2007 GSA Denver Annual Meeting (28–31 October 2007)

Paper No. 7
Presentation Time: 10:05 AM


SARNA-WOJCICKI, Andrei M., U.S. Geol Survey, 345 Middlefield Road, Menlo Park, CA 94025, asarna@usgs.gov

Improvements in chemical analytical techniques in the last ~50 years make it possible to analyze volcanic ash layers with great precision, and to develop compositional criteria by which these layers can be identified and correlated. Concurrent developments in isotopic and other numerical dating methods have taken place during about the same time. Together, these developments have made it possible to develop a spatial and temporal tephrochronological reference framework for late Cenozoic sediments and rocks of North America that can be integrated with other chronologic and stratigraphic techniques (for example, magnetostratigraphy, marine oxygen isotope stratigraphy), and thus provide robust age and stratigraphic control for numerous earth-science studies.
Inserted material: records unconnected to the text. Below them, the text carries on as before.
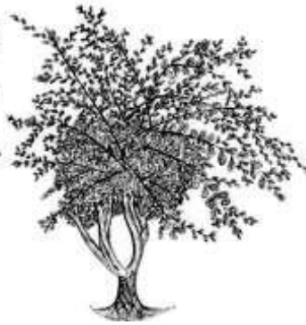
(5) Semi- Spreading
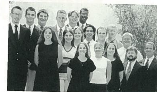
East Carolina University Percussion Ensemble
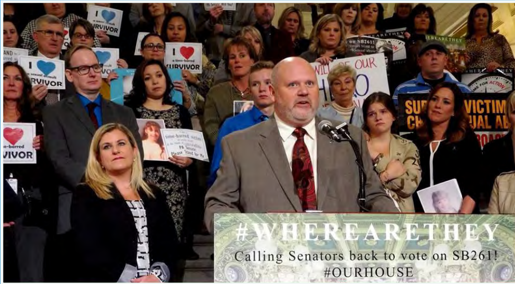
In Harrisburg PA with courageous survivors calling for Pennsylvania's State Senators to come back into session to vote on SB261.

#9. Advocacy for lookback windows by means of statutes of limitation legislation.

The most ubiquitous material in tephra, volcanic glass, generally provides the most definitive chemical characterization of individual tephra layers. Six laboratories in North America routinely provide analytical services for tephra identification by this method.

Problems in identification of tephra exist when tephra is altered. Richard L. Hay was one of the first to developed ways in which the problem could be resolved using stratigraphic, petrographic and chemical techniques (e.g., his study of Olduvai Gorge, Tanzania). His work has stimulated the development of new techniques to study altered tephra.

Another problem in tephrochronology that needs to be resolved is the characterization of chemically similar suites of tephra erupted from the same volcanic sources (such as the Mono Craters in California). These problems are being resolved in part by application of new analytical techniques, such as the ion microprobe and ICP-MS.

Perhaps the greatest problem facing tephrochronology in the U.S. is the current funding climate. Budgetary constraints are threatening the survival of tephrochronology laboratories in earth science institutions. Preservation and exchange of tephrochronological data and its accessibility may also be in jeopardy. Loss of these capabilities and data would not only be a major setback for the advancement of earth science but would also pose major problems for agencies and institutions seeking to address critical societal issues such as geologic hazards mitigation, natural resource management, and global climate change.